Any tips or tricks on using a ridge reamer?

sflem849

Well-known Member
I am ringing my WD-9 and I just picked up the reamer from AutoZone. It seems pretty easy, but I wanted to make sure there wern't any tricks to it.
Can I use it if reusing my sleeves?
It says to be sure it's centered. It has three jaws so it should center itself easily. Is there anything else to it?
 
Just make sure to go slow and take small increments in expanding the reamer. The first few rounds may be "jumpy" until it cuts a true circle.
Make sure and not undercut (take off too much), also.
I'd follow up with a tri-hone or "dingle ball" hone to restore the cross-hatch, or your rings will not break in and seat properly; if not she'll pump oil 'til the cow come home.
 
As it is tightened into the bore, be sure to noodle on it so it centers. Be sure to start with the jack screw almost all the way in, so it has full travel as it goes up and out of the top of the sleeve. Be sure it is sharp. Use a coolant lubricant like Tap Magic, or a mix of diesel and engine oil 50/50. to keep it happy.
Do not remove more than the deepest part of the top ring groove wear. Honing to remove the remaining lip is done with a sunnen straight hone or equal. If the old pistons are used they might need to be resized by knurling to be usable if the taper is more than .003" on the diameter. Jim
 
Everyone has pretty much covered it. Summary: get it centered and snug in the bore. take light cuts and lube as you go. Do NOT take out too much material.

Other than that, fairly simple process.
 
A ridge reamer is used merely to disassemble a badly worn engine and is pretty much a no-brainer as far as it's operation goes.

Make sure the cutting blade us below the ridge, lock it to the cylinder bore (it is self aligning) and then turn the screw to cut the ridge on it's way up; it's pretty much all automatic. The blade has a guide and it will only cut the ridge; no way you can make it "overcut".

Now, I sure don't wanna sound like a broken record here, but if you have a ridge in that cylinder wall that is bad enough to require the use of a reamer (about .010"), you need new sleeves, rings and pistons/wrist pins anyway.

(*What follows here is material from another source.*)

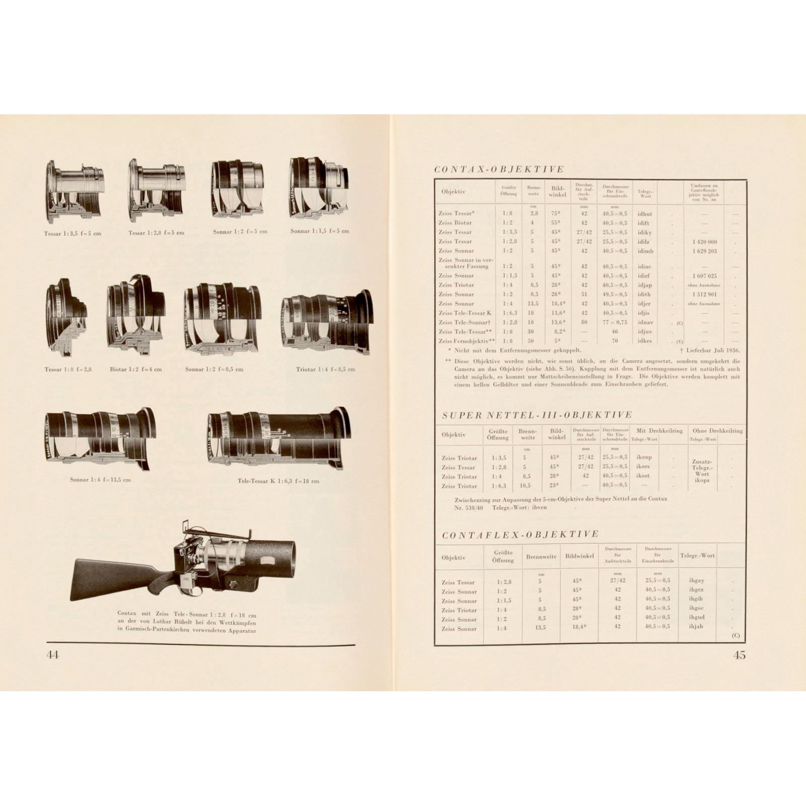 Large format, approx. 180 pages, with three price lists: 1934, 1936 and 1937. With drawings of tripod cameras "Kosmopolit", "Elegant", "Rauppcamera" and Contax I–III with all lenses and accessories and much more.

Cut the ridge, hone it and just throw in a set of rings and I guarantee you that engine will pump oil like Haliburton and rattle like a diesel.

Allan
 
...Cut the ridge, hone it and just throw in a set of rings and I guarantee you that engine will pump oil like Haliburton and rattle like a diesel.

Allan

It is a diesel. :lol: The problem is when it comes to WD-9s, it isn't just as easy as rebuilding the engine. First you need to play Where's Waldo on locating a set of pistons and sleeves. If you are lucky you can find a set of NOS stuff, but that's going to cost you more than the entire tractor is worth. Chances are you are probably going to be using better than yours used stuff. There is always paying to have pistons and sleeves custom made. That is even more than NOS stuff!

PO said that he wouldn't touch it. He said, I would never know that it was a little iffy inside if I had bought it running. I have to believe him on that one. Maybe I should just throw it back together without rings?
 
Well, here is my $.02 worth. Anytime I clean up a bore (sleeved or not) that is within .005 +/- of stock, I use new rings. Rings really need to seat and wear in. If you use old rings and a honed bore, you may or may not get a good seat and wear in. More times than not, you won't.

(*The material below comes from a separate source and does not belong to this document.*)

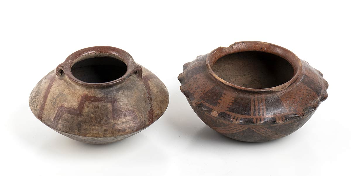 <br>COPPIA DI OLLE BICONICHE POLICROME<br>Messico, Area di Michoacán de Ocampo<br>alt. massima cm 10,5<br><br>Sbaccature sparse.<br><br>Dalla collezione di Maria Pia e Amintore Fanfani.

You are absolutely correct, this is a diesel, and those are NOT as forgiving as the gasser. This is not a shot at anyone, but these engines in gasser config were low RPM, relatively low compression. Yes Virginia, the absolute BEST way is to replace everything, BUT, you can get good results if you don't replace the pistons/sleeves when using a bit of common sense.

I have honed, ridge reamed, and re-ringed quite a few engines over the years (without replacing the pistons and wrist pins), and because I stayed within certain limits for clearances and wear, they all worked and worked well. Anytime you have to make up more than +/- .005 with rings, you will fail......or at least be disappointed with the results.
 
Feel your pain,

I'm going thru the exact same dilemma on a 301 gasser.

Finding parts is just almost a darned near impossibility, this tired old gal has already been bored .010" and the last overhaul was one of those "band-aid" re-ring jobs.

Drinks oil by the gallon(s).

So, I figure I'll try and find another engine. Nope, that ain't a gonna fly either; no such thing.

Guess I'll hit the junkyards and try to find something else to squeeze in 'er. Maybe I'll get lucky and find a D312? :>)

Allan
 
That's kind of where I am. The parts are really tough or really $ to find. I think I will give it the band aid and see what happens. Supposedly it wouldn't even need that.
I haven't checked taper because I don't have the stuff I need to do it, but I did check rod bearing clearance and they were at the top end of acceptable. I think I am just going to run with it.
Someday I will find a set of reasonable pistons and sleeves and I can do the job right. Right now I just want something that is usable. After all, oil is cheap. :lol:
 
Run your fingernail up across the 'ridge'. If you can't catch it with your nail, it's still probably less than .010".